━━━━━ Available data ━━━━━

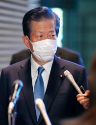 岸田首相との会談を終え、取材に応じる公明党の山口代表=10日午後、首相官邸
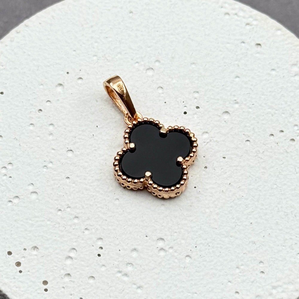 Серебряный подвес Клевер с ониксом в позолоте. Артикул: 009633
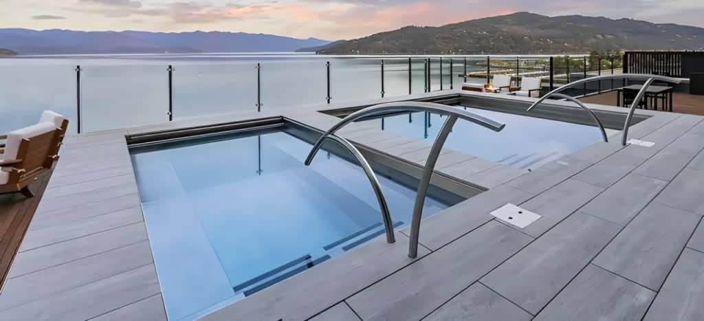A stainless steel pool with swim spa system, integrated spa seating, LED lighting, and automatic cover for year-round use.

━━━━━

Set the listing down exactly, without its pictures.

#### [Output below]
 岸田首相との会談を終え、取材に応じる公明党の山口代表=10日午後、首相官邸
 Серебряный подвес Клевер с ониксом в позолоте. Артикул: 009633
A stainless steel pool with swim spa system, integrated spa seating, LED lighting, and automatic cover for year-round use.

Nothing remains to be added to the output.